California and Texas securities regulators joined the regulators of Alabama, Colorado, Delaware, New Jersey, South Dakota and the North American Securities Administrators Association, Inc. (NASAA) in settling with Robinhood Financial LLC for $10.2 million. Robinhood was specifically penalized for:
  • Negligent dissemination of inaccurate information to customers particularly concerning margin and risk associated with multi-leg option spreads;
  • Failure to have a reasonably designed customer identification program;
  • Failure to supervise technology critical to providing customers with core broker-dealer services;
  • Failure to have a reasonably designed system for dealing with customer inquiries;
  • Failure to exercise due diligence before approving certain option accounts; and
  • Failure to report all customer complaints to the Financial Industry Regulatory Authority (FINRA) and state securities regulators, as required.

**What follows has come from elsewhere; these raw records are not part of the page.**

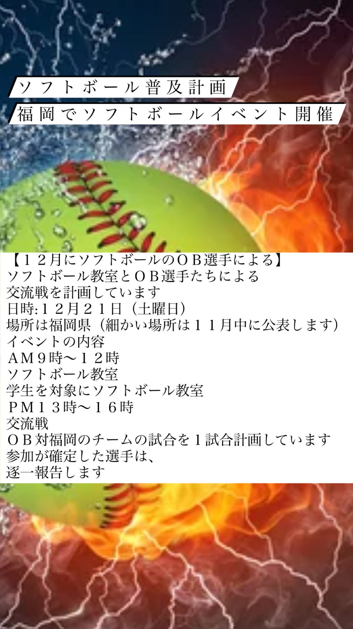 12月21日に福岡でソフトボールイベントとして、ソフトボール教室を開催するこまとになりました。
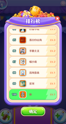 3、完成闯关之后,还有排行榜为你显示,你的排名是100。
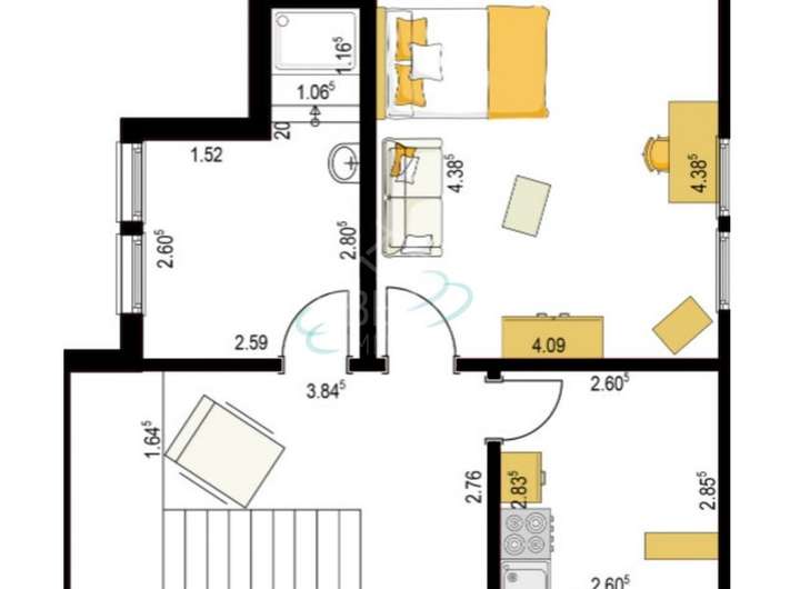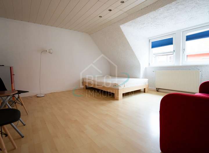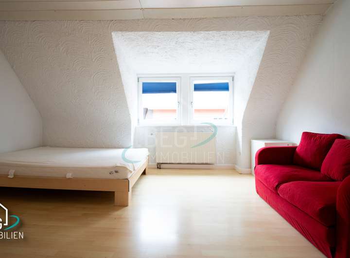 Geradeaus gelangen Sie in den großzügigen Wohn- und Schlafbereich, der mit seiner gemütlichen Atmosphäre zum Entspannen einlädt. Links vom Flur finden Sie das Badezimmer.
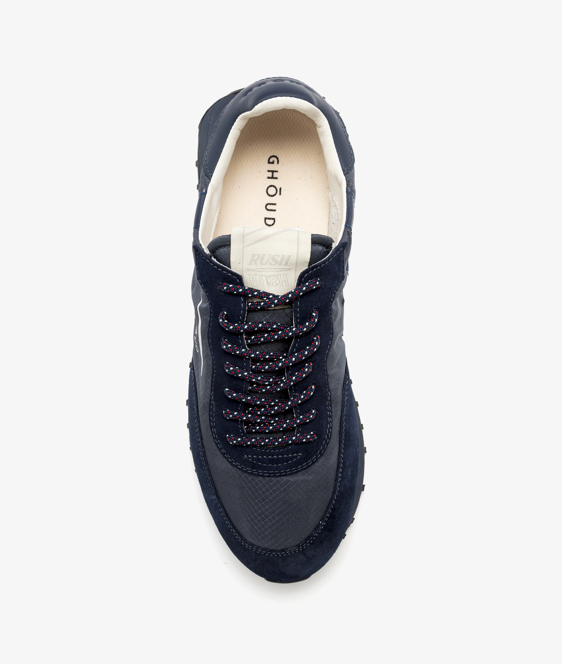 Nella tonalità navy, le sneakers Rush Framework di Ghōud sono realizzate in ripstop resistente con inserti in suede morbido.
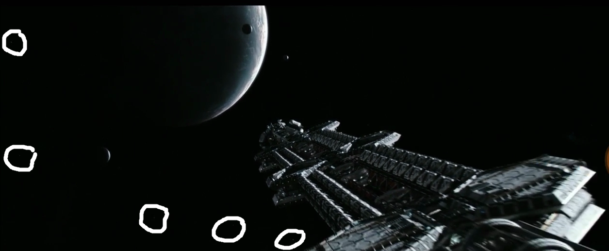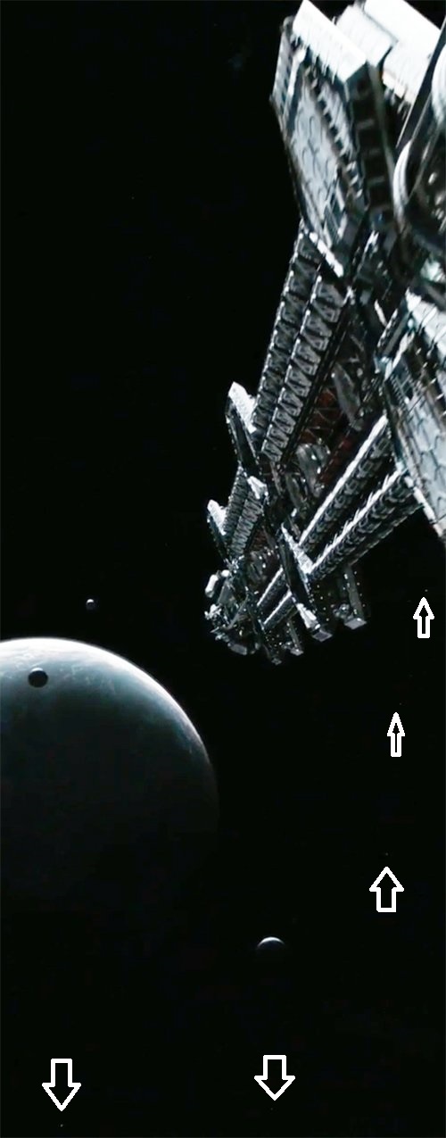 Here is a shot of the Covenant ship with three moons visible around a planet.
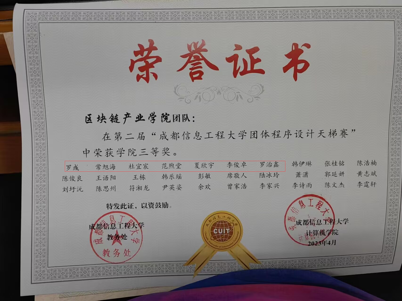 班级介绍区块链工程221班是一个充满活力与创造力的集体,由一群充满朝气、热爱学习的同学组成。我们秉承着“自信、自尊、自主、自立、自强”的坚定信念,以“链上共筑梦想之船,放眼未来起航杨帆”为班级口号,立志提升个人能力,展示自我风采,为班级争取荣誉,为班级增添光彩。班级注重每个成员的全面发展,不仅关注学术成绩,也重视综合素质的提升。同学间相互鼓励各自发挥自己的特长,培养个人的兴趣爱好,提升自我领导力、团队协作能力和创新思维。
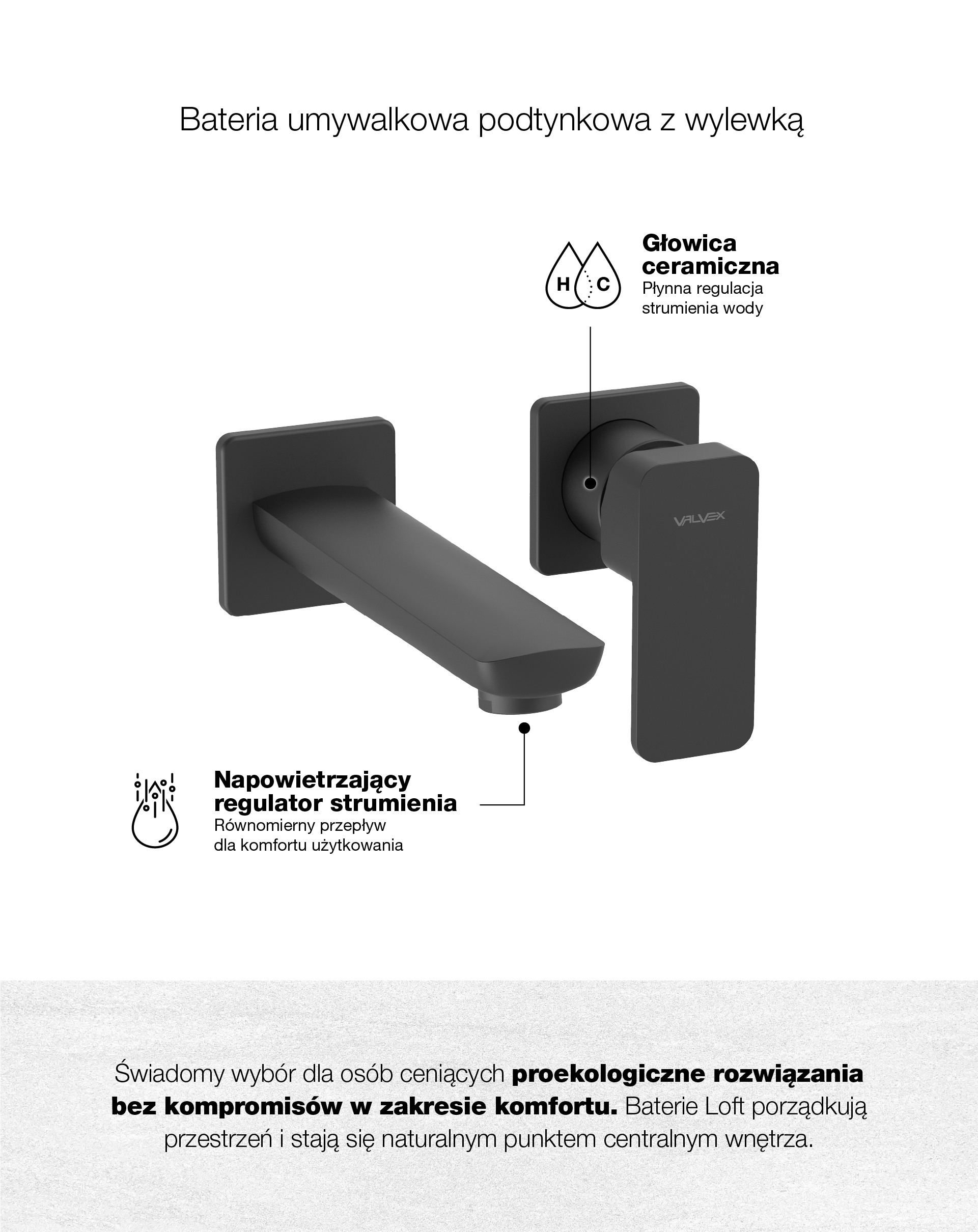 LOFT Black Bateria umywalkowa podtynkowa z wylewką

The above-mentioned failures were sparked by the March 2020 Robinhood platform outages, when hundreds of thousands of investors were relying on the Robinhood app to make trades but were unable to do so. NASAA’s President Andrew Hartnett stated “Today’s multistate agreement represents states at their best – working together for the benefit of Main Street investors.” Texas Securities Commissioner Travis Iles said “We are pleased with the good work of the states and with Robinhood for implementing meaningful changes to its operations that will benefit retail investors. Texas also extends its appreciation to Director Joe Borg, Alabama Securities Commission, for his relentless, quality efforts in effectuating the states’ most recent result for our investors.”